Lawrence frowned. “Don't rightly know what to reckon of it all. S'pose there is a heaven, I wanna know what kinda heaven it be. Is it a heaven for white folks? Or is it a different heaven for colored folk and white folk? What you make of it?”
David shrugged. “I am not an expert. I have only been to church on a few occasions. It seems to me that people who spend their lives dreaming about the gold-paved streets and heavenly mansions of the next life are no different than those who waste their time dreaming about it in this life. Only with a poorer sense of timing.”
Lawrence responded in low, rumbling laughter reserved for when he found something particularly amusing. He clenched down on his pipe. “Never thought of it that way,” he replied.

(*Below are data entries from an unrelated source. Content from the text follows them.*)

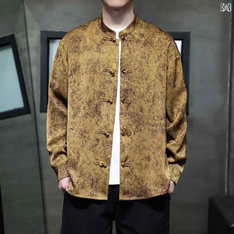 秋冬 コーデ メンズ 服 シンプル ファッション オシャレ 大人 かっこいい 大きいサイズ ストリート 紳士服 レトロ アセテート ブロンズ 唐 スーツ シャツ ボタン トップス
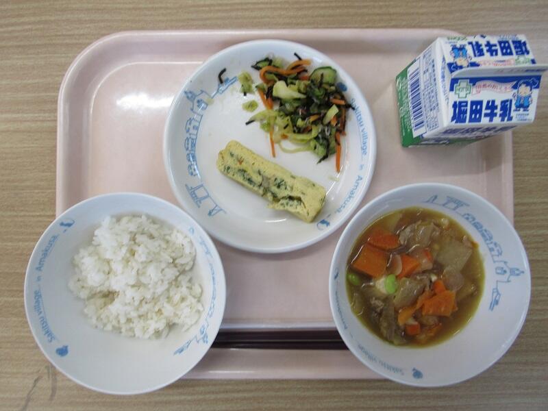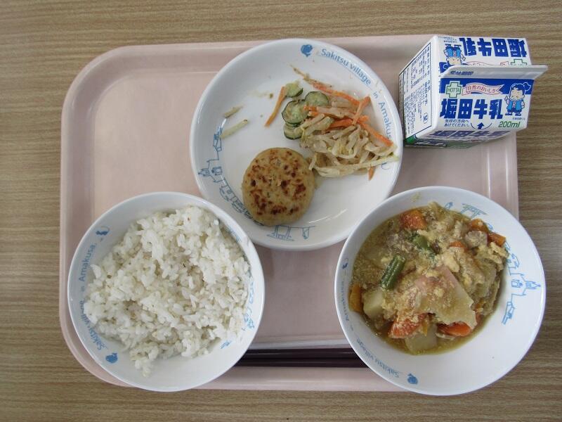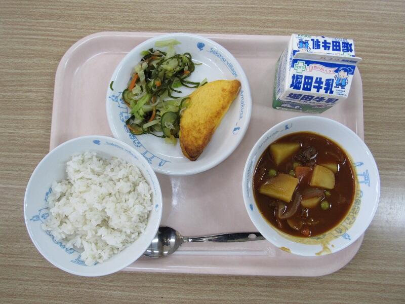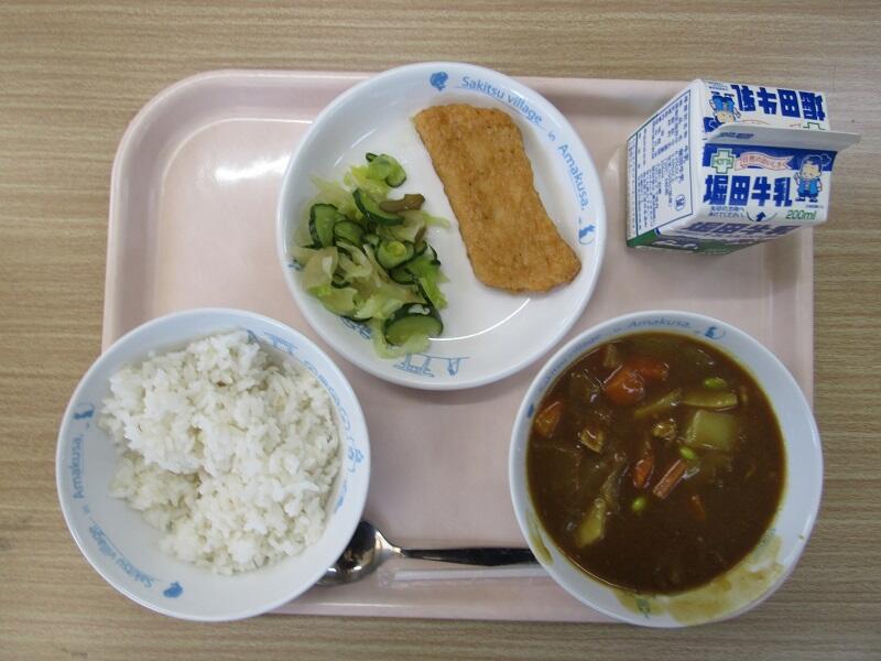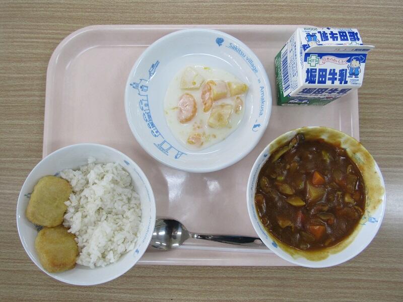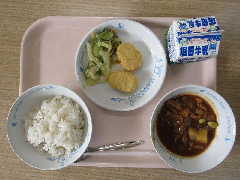麦ごはん、ポークカレー、チキンナゲット、フルーツヨーグルト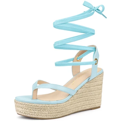 Allegra K Women’s Platform Strappy Lace-up Flip Flops Wedge Sandals

“The way I see it, it's not about what you are going to get, it's about what you become. Divinity is doing what is right because your heart says it's right. And if that puts you on the wrong side of the pearly gates, seems you would be better off on the outside.”
Lawrence took in a long draw on his pipe. “You could've been a philos'pher.”
Just then, in the dancing radiance of the candles, David noticed something he had never seen before, despite his many visits. Across the room, amidst the squalor of metal springs, and the shells and corpses of clocks, was what appeared to be a shrouded sculpture slightly protruding from beneath a cloth sheet.
“What is that in the corner? Under the cloth?”
Lawrence lowered his pipe. “Tha's my angel. Jus' this mornin' had some help and we brought her up from the cellar.”
“Angel?” David walked over to the piece.
“Real Italian marble,” Lawrence said.
David pulled a floor clock back from the sculpture and lifted the drape, exposing a stone sculpture of a dove-winged angel. Its seraphic face turned upward and its arms were outstretched, raised as a child waiting to be lifted. David ran his fingers over its smooth surface.
“This is a very expensive piece. Probably worth a hundred dollars or more. Is it new?”
“Had it for nearly six years, jus' never take her out of the cellar.”
David admired the sculpture. “How did you come by this?”
“Right after I left the cavalry, I did some work for a minister. Fixed his church's steeple clock. Took me âbout the whole summer. Problem is, before I got done, the church treasurer run off with all their buildin' money. So the minister asks me if I won' take this angel for payment.”
David stepped away from the statue, rubbing his hand along its surface once more.